» **YOUR INSTRUCTIONS**:
In this exercise, the entries below include pictures. Repeat exactly the lines from the line with "Our Sheepadoodle puppies" to the line with "В соответствии с", including both, but without the pictures.

··· RECORD EXTRACTS

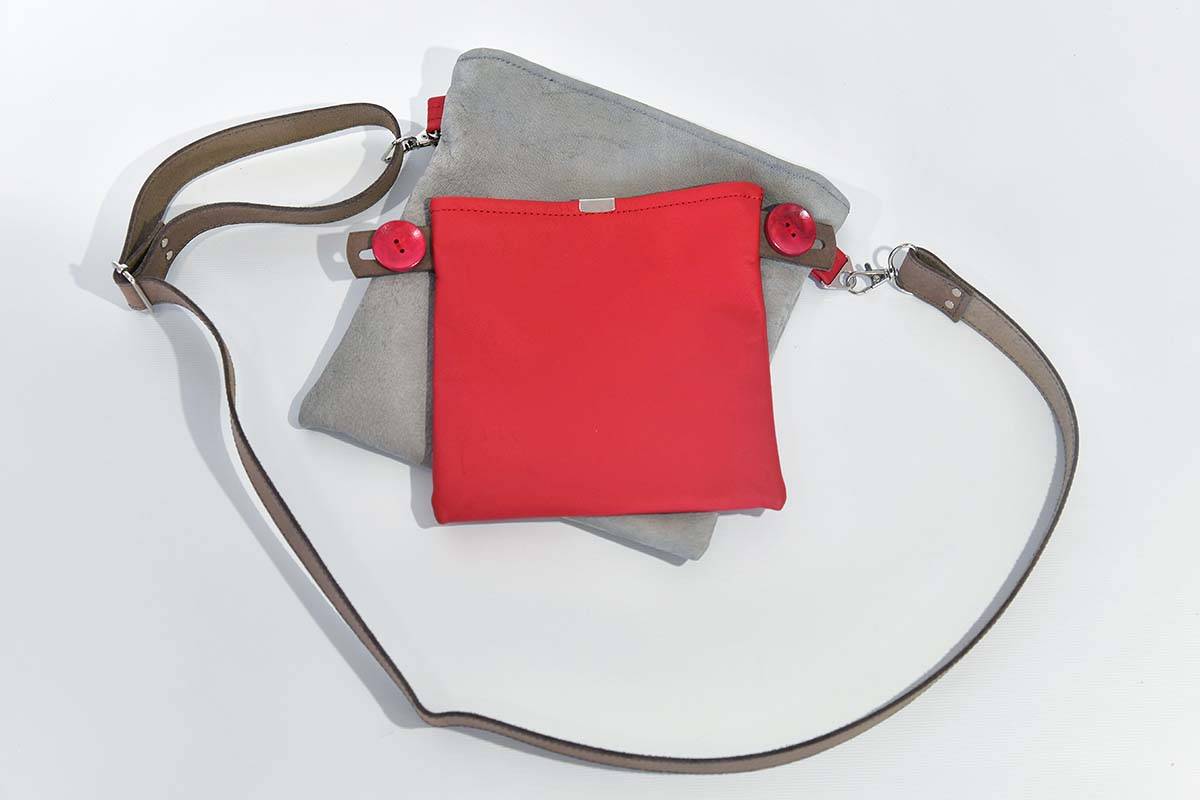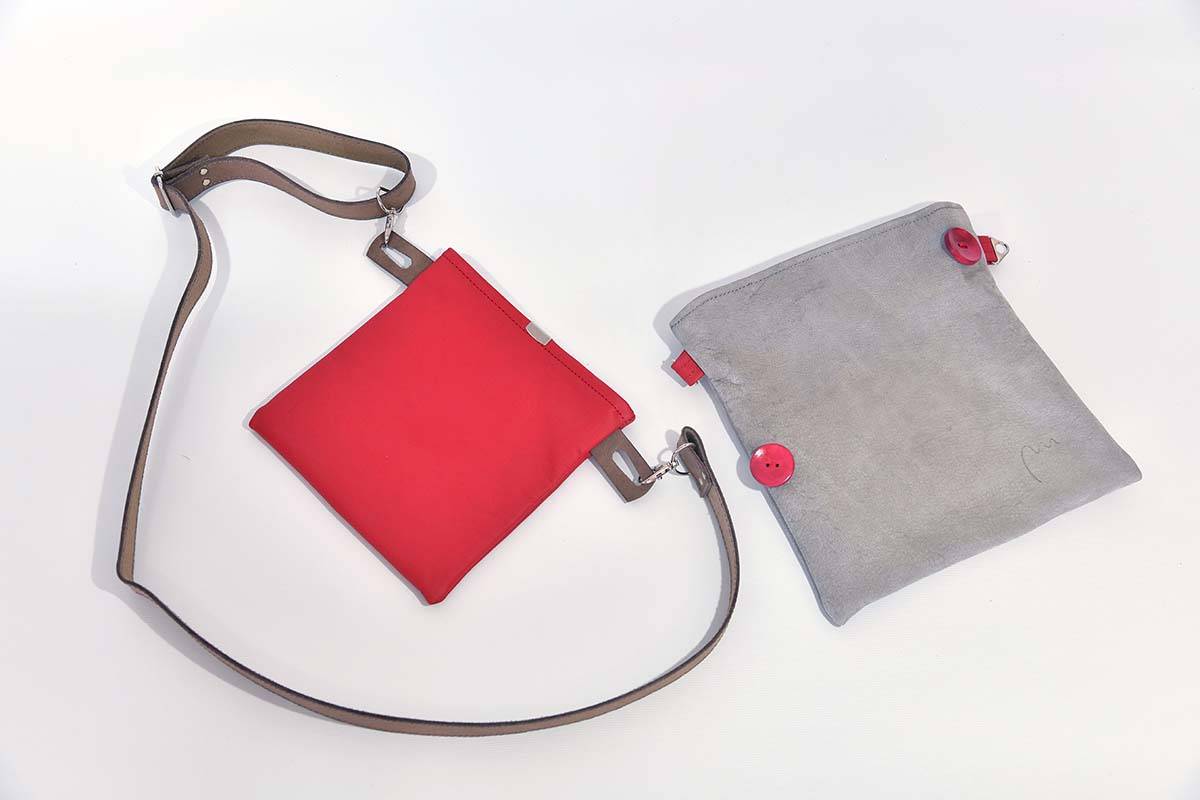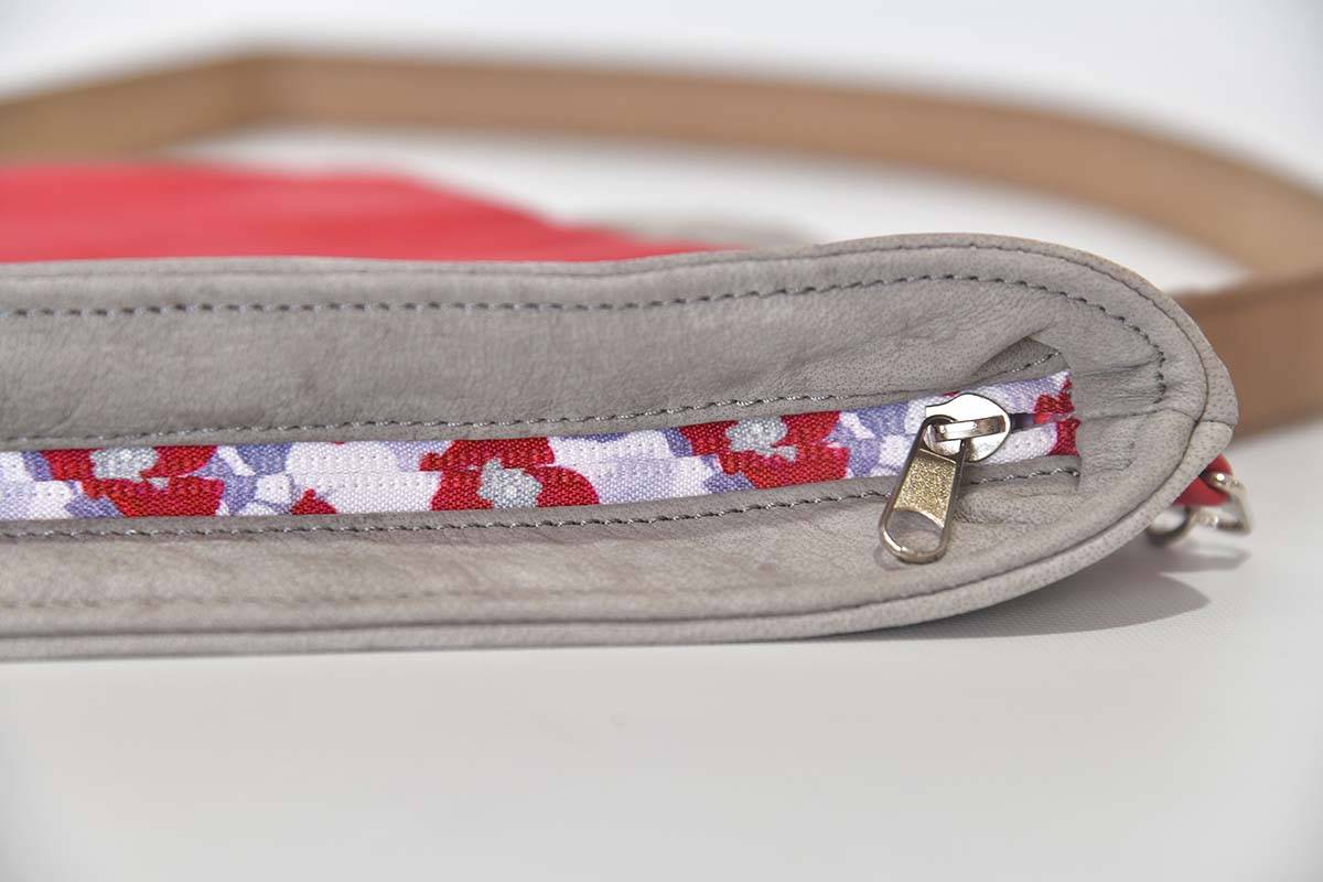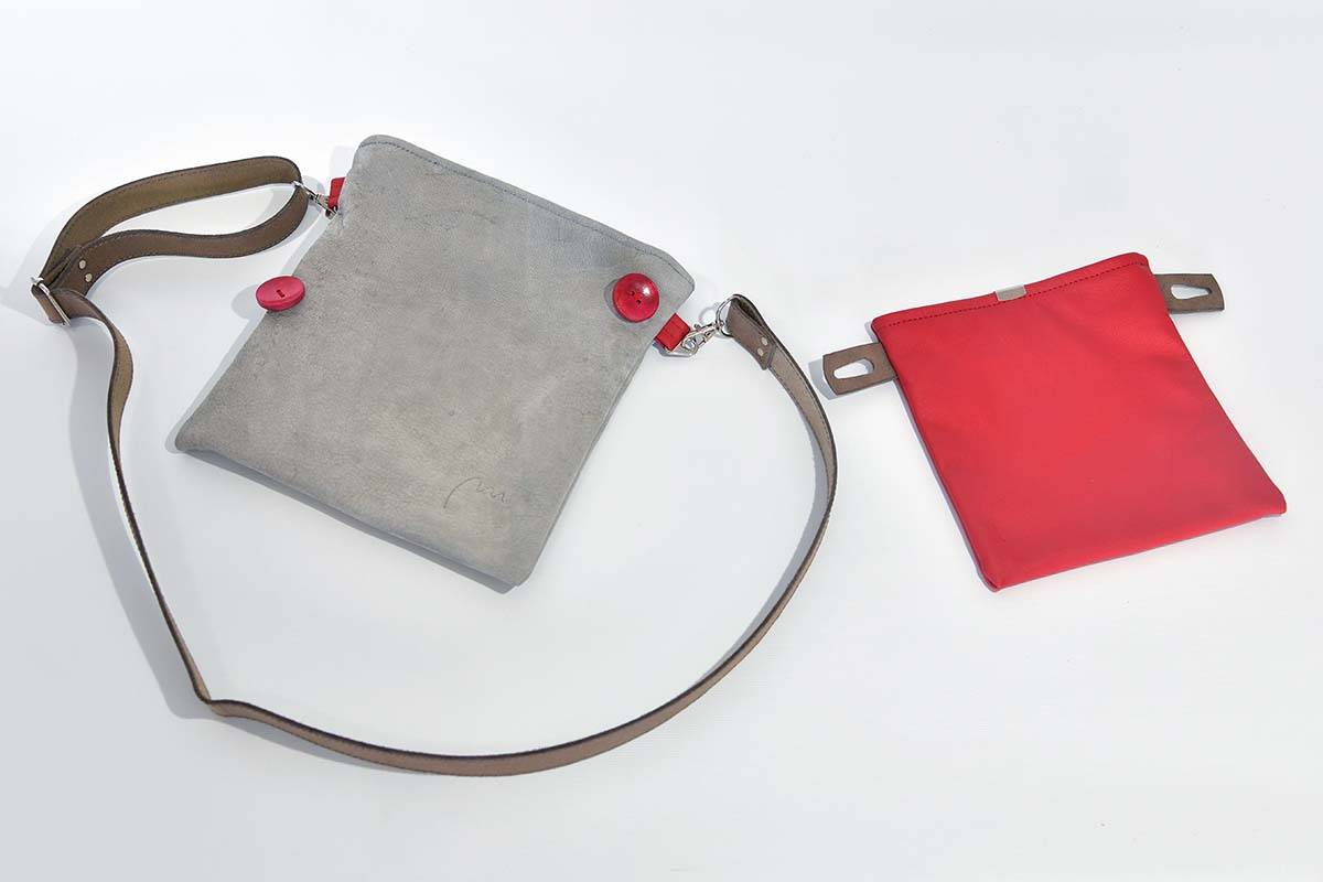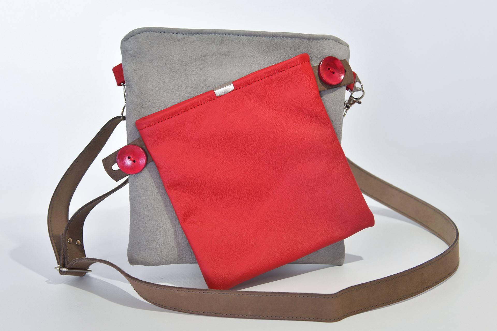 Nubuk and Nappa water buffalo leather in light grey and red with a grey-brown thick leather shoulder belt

······
··· RECORD EXTRACTS

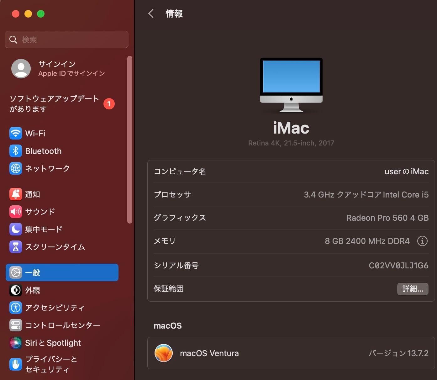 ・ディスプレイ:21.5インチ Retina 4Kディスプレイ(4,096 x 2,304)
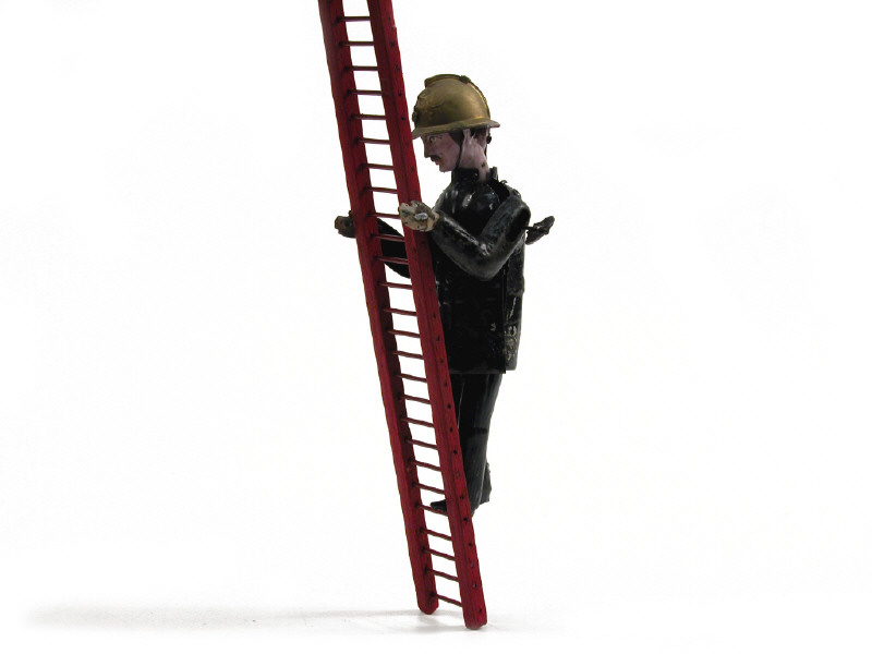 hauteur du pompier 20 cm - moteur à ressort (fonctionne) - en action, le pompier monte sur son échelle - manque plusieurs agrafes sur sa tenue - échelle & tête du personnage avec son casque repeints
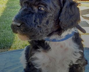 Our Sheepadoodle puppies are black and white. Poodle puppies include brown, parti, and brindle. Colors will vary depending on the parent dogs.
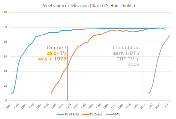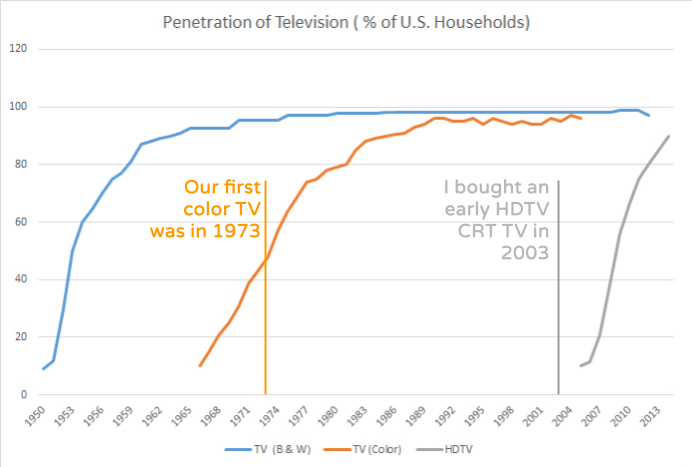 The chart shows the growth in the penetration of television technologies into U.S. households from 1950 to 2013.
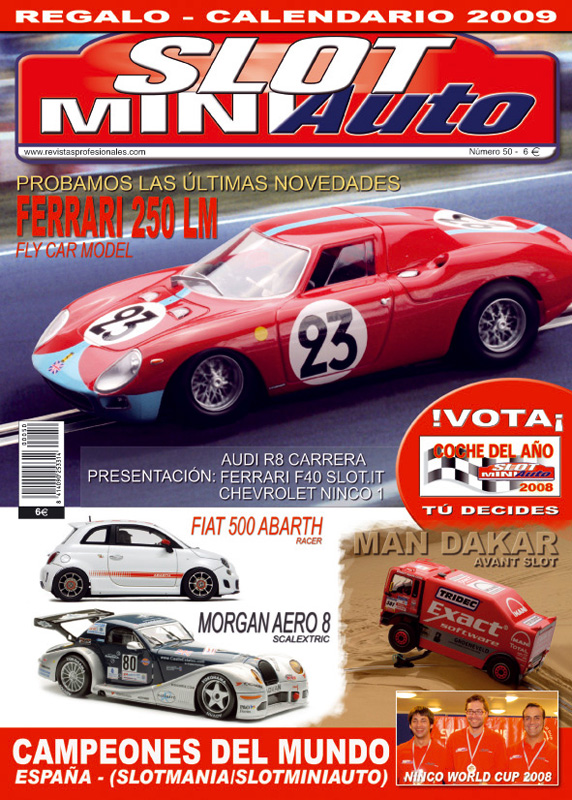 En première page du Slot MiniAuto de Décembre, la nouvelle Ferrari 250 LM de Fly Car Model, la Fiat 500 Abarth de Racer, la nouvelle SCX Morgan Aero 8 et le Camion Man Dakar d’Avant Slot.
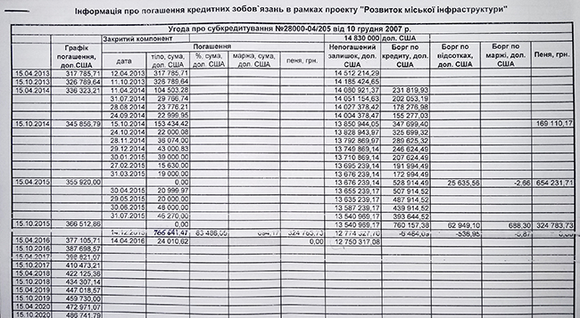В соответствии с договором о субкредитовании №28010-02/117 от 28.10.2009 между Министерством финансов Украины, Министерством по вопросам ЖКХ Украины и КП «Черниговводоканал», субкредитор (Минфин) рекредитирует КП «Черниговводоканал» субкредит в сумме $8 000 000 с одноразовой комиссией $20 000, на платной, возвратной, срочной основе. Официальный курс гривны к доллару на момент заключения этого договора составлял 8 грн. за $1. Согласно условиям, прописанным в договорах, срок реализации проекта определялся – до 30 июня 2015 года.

······

» **SOLVED EXERCISE**:
 Our Sheepadoodle puppies are black and white. Poodle puppies include brown, parti, and brindle. Colors will vary depending on the parent dogs.
 The chart shows the growth in the penetration of television technologies into U.S. households from 1950 to 2013.
 En première page du Slot MiniAuto de Décembre, la nouvelle Ferrari 250 LM de Fly Car Model, la Fiat 500 Abarth de Racer, la nouvelle SCX Morgan Aero 8 et le Camion Man Dakar d’Avant Slot.
В соответствии с договором о субкредитовании №28010-02/117 от 28.10.2009 между Министерством финансов Украины, Министерством по вопросам ЖКХ Украины и КП «Черниговводоканал», субкредитор (Минфин) рекредитирует КП «Черниговводоканал» субкредит в сумме $8 000 000 с одноразовой комиссией $20 000, на платной, возвратной, срочной основе. Официальный курс гривны к доллару на момент заключения этого договора составлял 8 грн. за $1. Согласно условиям, прописанным в договорах, срок реализации проекта определялся – до 30 июня 2015 года.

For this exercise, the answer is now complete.